The Fight Over Online Sales Taxes Cannot Be About Fairness

The U.S. Supreme Court in Washington. Washington Post photo by Ricky Carioti

“Our view: Put online sellers on equal footing,” is the headline over a Grand Forks Herald editorial today, making the point that the U.S. Supreme Court should back South Dakota’s law instituting a 4.5 percent sales tax on online sales of retailers doing more than $100,000 in annual business.

It’s a case with national implications because it challenges the precedent set in the 1992 SCOTUS case Quill vs. North Dakota which held that retailers without a physical presence in a state cannot be subjected to that state’s sales taxes (I wrote about that case earlier this week as well).

That case was ruled on before the days of the internet, and the boom in online commerce, and today many (including the editorial board of the Herald) argue that the Quill precedent is unfair to brick-and-mortar retailers who find themselves collecting a tax their online competitors (at least those without a physical presence in their state) are not obligated to collect.

“[T]he online seller certainly shouldn’t be rewarded with an advantageous tax break that puts Main Street in peril,” the Herald opines.

But the courts aren’t in the business of fairness. They are in the business of adjudicating the law. And the law in this instance is pretty clear.

To overturn the Quill precedent would be to set a new precedent weakening the interstate commerce clause and giving states new powers to push their laws and regulations far beyond their borders.

Article I, Section 8 of the U.S. Constitution grants Congress the power “To regulate Commerce with foreign Nations, and among the several States, and with the Indian Tribes.”

Interstate commerce – such as online transactions for goods and services across state lines – is to be regulated by Congress. Not the states.

To overturn the Quill precedent would be to set a new precedent weakening the interstate commerce clause and giving states new powers to push their laws and regulations far beyond their borders.

Given that North Dakota is a state which does a lot of interstate commerce – most of what our biggest industries, agriculture and energy, produce is shipped far outside of our borders – the last thing we want is a weaker commerce clause.

Remember that years-long court battle North Dakota fought with Minnesota over our eastern neighbor’s attempt to inhibit the flow of coal-fired electricity into their state? North Dakota won that fight, and the commerce clause was the reason why. Congress, not the State of Minnesota, regulates interstate commerce.

But perhaps that wouldn’t be the case any more if the Supreme Court overturns Quill.

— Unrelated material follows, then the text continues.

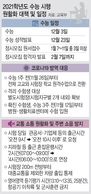 정부는 신종 코로나바이러스 감염증(코로나19) 시대 첫 대학수학능력시험(수능)을 맞아 시도별 확진·격리 수험생 규모를 철저히 파악·분석해 일반시험장 외 별도의 시험장을 마련, 모든 수험생의 응시기회를 보호하면서 방역 안전을 지키겠다는 방침을 밝혔다. 수능 일주일 전에 전국 고등학교를 사실상 폐쇄하는 등 강력한 대책을 내놓은 것은 수능을 한 달 앞두고 학교 내 감염병이 확산하는 추세를 보이고 있어 교육 당국의 수능 고사장 방역에 비상이 걸렸기 때문이다.

To the extent that online sales tax issue is one in need of fixing – I think it’s impact on brick and mortar retail is exaggerated, they’re losing business to online retailers because of issues like price and convenience and selection not because of the sales tax – the fix should come from Congress.

When we were discussing this issue on my radio show this week a caller pointed out that the federal government already collects fuel taxes from commercial truckers and shares the revenue back to the states proportionally. Perhaps a similar federal program could be established for collecting and remitting sales taxes from online retailers.

That sort of solution would address the wants of so-called “Main Street” retailers while abiding by the Constitution.

As for the courts, they should do what’s constitutional. Not what meets some faction’s notions about fairness.